The BDS campaign — named for its call for boycotts, divestment and sanctions against Israel — began as an idea by 170 Palestinian civil society groups in the West Bank in 2005. It has grown into a worldwide network of thousands of volunteers lobbying corporations, artists and academic institutions to sever ties with Israel.
Its members include campus activists, church groups and even liberal American Jews disillusioned by Israeli policies.
Most worrying for Israel, some of the group’s core positions toward products made in West Bank settlements are starting to be embraced by European governments. Although the EU says it opposes boycotts of Israel, it is exploring guidelines for labeling settlement products, which many in Israel fear could be a precursor to a full-fledged ban.
“The concern is that there will be a spillover to a much wider phenomenon that will become mainstream and erode support for Israel,” said Emmanuel Nahshon of Israel’s Foreign Ministry.

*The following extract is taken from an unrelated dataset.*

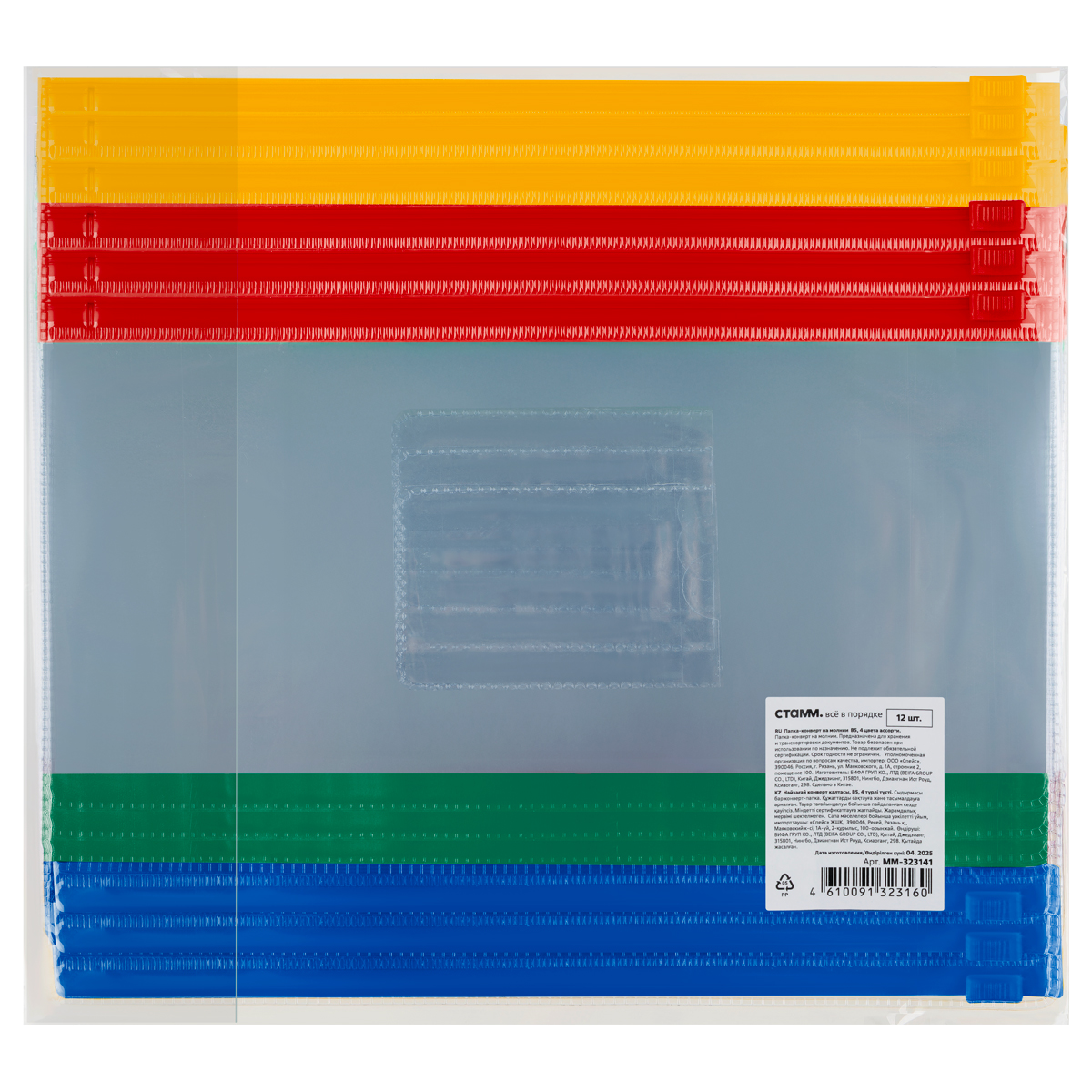 Папка-конверт на молнии СТАММ формата В5 защищает документы от повреждений, пыли и влаги. Изделие плотно закрывается на молнию с плоским бегунком. Молния обеспечивает легкий и быстрый доступ к бумагам. Папка-конверт размером 210*280 мм и толщиной 120 мкм изготовлена из ПВХ с глянцевой текстурой, который защищает изделие от сминания и других повреждений. Имеет удобный карман для визиток на лицевой стороне. Подходит под персонализацию. Изделие имеет горизонтальную ориентацию. Вместимость – 50 листов. Индивидуальная упаковка в пакет. • Вместимость: 50; • Формат: В5; • Цвет: прозрачный.

The BDS movement has three goals: to end Israel’s occupation of territories captured in the 1967 Mideast war, to end discrimination suffered by Arab citizens of Israel, and to promote the rights of Palestinian refugees to return to family properties lost in the war surrounding Israel’s creation in 1948.
For Israel, this last position is nothing less than a call for its destruction. Israel opposes the Palestinian “right of return,” saying a massive influx of refugees would mean the end of the country as a Jewish state. The international community favors a “two-state solution” creating a Palestinian state alongside Israel, and Palestinian President Mahmoud Abbas has indicated willingness to compromise on the refugee issue under a final peace deal.
Barghouti, a U.S.-educated engineer who is also pursuing a graduate degree at Israel’s Tel Aviv University, said the BDS movement is “completely neutral” on the political solution to the conflict. But he said he represents the Palestinian “consensus,” and any deal that “undermines our basic rights under international law and perpetuates the colonial oppression” is unacceptable.
As for his attendance at a university he asks others to boycott, he said Palestinians “cannot possibly observe the same boycott guidelines as asked of internationals,” adding that the “indigenous population” is entitled to all services they can get from the system.
Other BDS leaders have used even tougher language. As’ad AbuKhalil, a California professor, wrote in 2013 that “the movement has to take a clear, categorical stance against the very existence of Israel.”
Israeli leaders point to such comments as evidence that the movement is the latest in a history of antagonists out to destroy the Jewish people.
“We are in the midst of a great struggle being waged against the state of Israel, an international campaign to blacken its name,” Prime Minister Benjamin Netanyahu said recently. “It is not connected to our actions. It is connected to our very existence.”
The BDS movement is led by a West Bank-based national committee, which sets guidelines but allows local branches to decide their own strategy. It focuses on battles with a reasonable chance of success. So some of the biggest companies active in Israel, such as Microsoft and Intel, have not been targeted.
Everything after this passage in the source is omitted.